Glendening asks builders for Smart Growth code

Task force to study ideas developed at conference

May 27, 1999|By Joel McCord | Joel McCord,SUN STAFF

Hoping to make it easier for developers to build in existing communities, Gov. Parris N. Glendening wants a statewide model building code to go along with his Smart Growth program.

He asked a conference of builders, architects and environmentalists meeting in Baltimore yesterday to "design me a code any county can adopt" to encourage Smart Growth policies.

Too often, he said, developers who want to rehabilitate buildings in older communities are hamstrung by strict building and safety codes that make the projects difficult. Instead, they put up buildings farther out in the suburbs, requiring local governments to build more roads and sewers.

"In most parts of our state, you couldn't build a new Annapolis, or an Ellicott City or downtown Frederick," Glendening said. "No building code would permit that. Yet these are the most desirable cities in our state today."

The governor was short on specifics as he outlined the problem and asked the conference to come up with solutions.

A task force from the state Office of Planning and Department of Housing and Community Development is to study ideas generated at the conference and make specific recommendations for legislation in the next General Assembly session.

John W. Frece, Glendening's assistant for Smart Growth, said the governor is not trying to impose a statewide building code, but to find a way to encourage local governments to adopt the provisions that fit Smart Growth policies.

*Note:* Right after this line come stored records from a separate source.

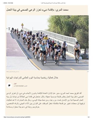 6/9/25, 10:46 AM لﻣﻌﻟا ﺔﺋﯾﺑ ﻲﻓ ﻲﺣﺻﻟا ﻲﻋوﻟا ززﻌﺗ «ﻲﺑد ﺔﻣﺎﻗإ» :يرﻣﻟا دﻣﺣﻣ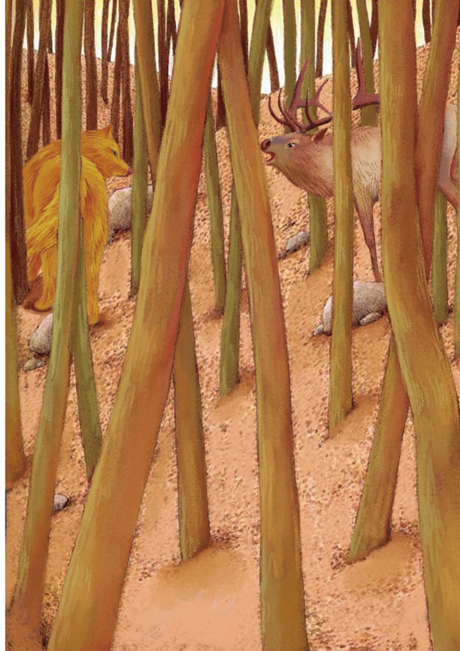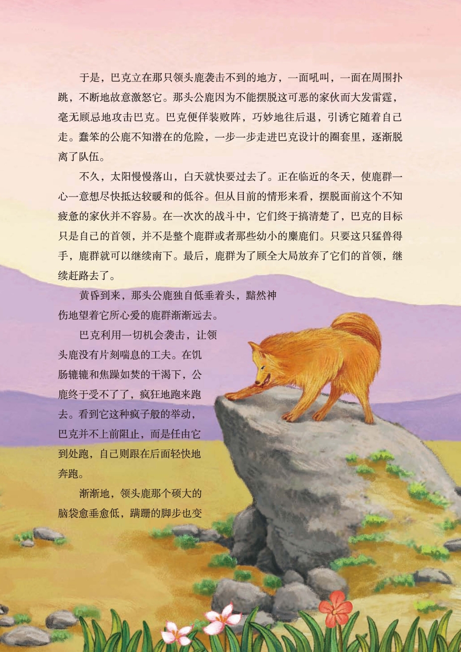 不久,太阳慢慢落山,白天就快要过去了。正在临近的冬天,使鹿群一心一意想尽快抵达较暖和的低谷。但从目前的情形来看,摆脱面前这个不知疲惫的家伙并不容易。在一次次的战斗中,它们终于搞清楚了,巴克的目标只是自己的首领,并不是整个鹿群或者那些幼小的麋鹿们。只要这只猛兽得手,鹿群就可以继续南下。最后,鹿群为了顾全大局放弃了它们的首领,继续赶路去了。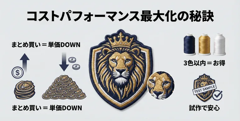 コストを抑えるためのより具体的なテクニックとして、「色数」のコントロールがあります。 ホットモバイリーの刺繍ワッペンは、使用する刺繍糸が「3色まで」であれば基本料金内で製作可能です。4色目以降は、1色追加ごとに1枚あたり22円(税込)の追加料金が発生します。 「たった22円」と思うかもしれませんが、例えば1000枚製作する場合、22,000円の差になります。ロゴデザインを工夫して3色以内にまとめたり、前述した「生地の色」を4色目の色として有効活用したりすることで、クオリティを落とさずにコストだけを賢くカットすることができます。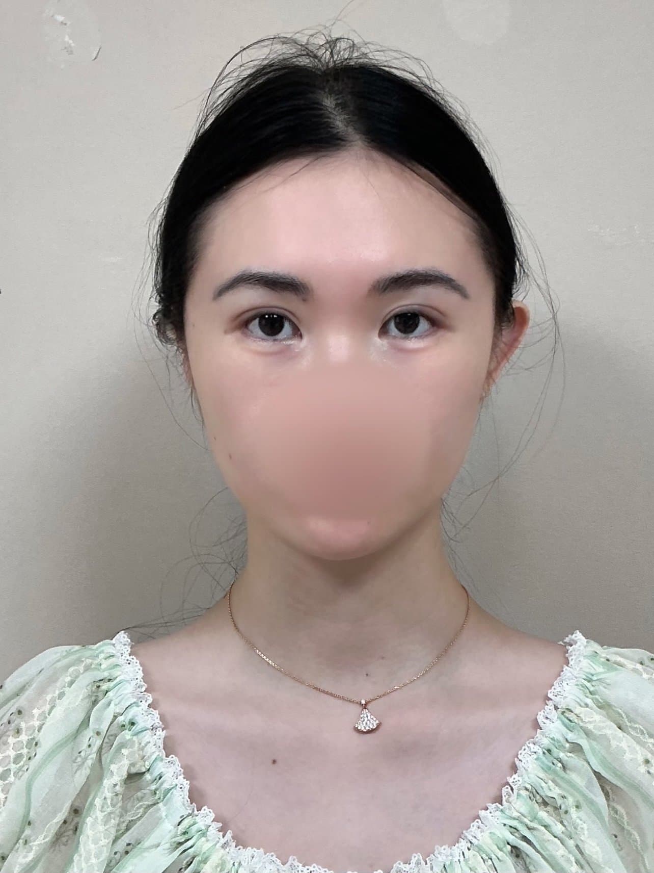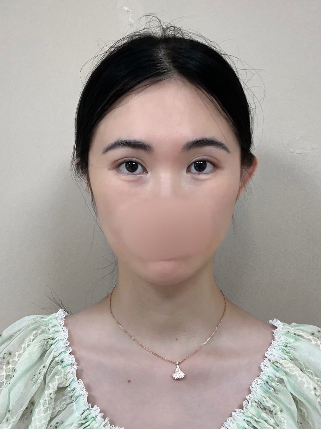 通过加大上头骨的体量感,显得下半张脸变小了,达到了头包脸的效果,术后一周内会有预期内的肿胀,但感觉可以承受。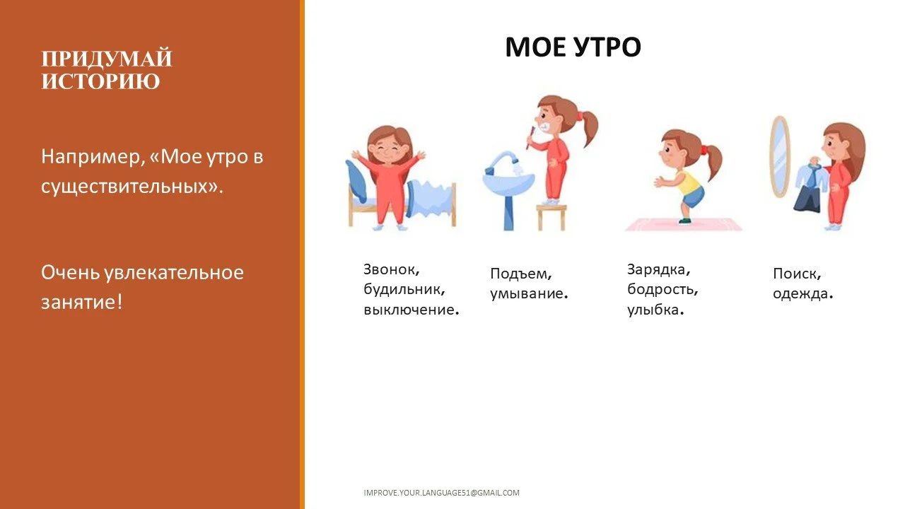 Придумывайте сами и предложите ребенку составить короткий рассказ из слов, принадлежащих одной части речи. Опишите, например, свое утро, используя только существительные. «Звонок, будильник, выключение. Подъем, умывание. Зарядка, бодрость, улыбка. Поиск, одежда». По такому же принципу можно придумывать истории с одними глаголами или прилагательными. Очень увлекательное занятие, поверьте!

Under Smart Growth, the state refuses to help pay for roads, sewers, schools and other infrastructure outside designated growth areas in an effort to cut suburban sprawl.

Bill Struever, whose development firm rehabilitated the dormant American Can Co. plant in Baltimore's Canton section, said the state has been cooperative in his projects, but some code requirements have made those projects more difficult.

"There are definitely some issues out there, but the state has come a long way in the last couple years," he said.

The Maryland Association of Counties, which opposed the Smart Growth initiative early on, but later supported it, is looking for "a partnership approach," said David Bliden, executive director.

"There's always the debate of state control over local autonomy, but it should come down to the local citizens who make the decisions," he said.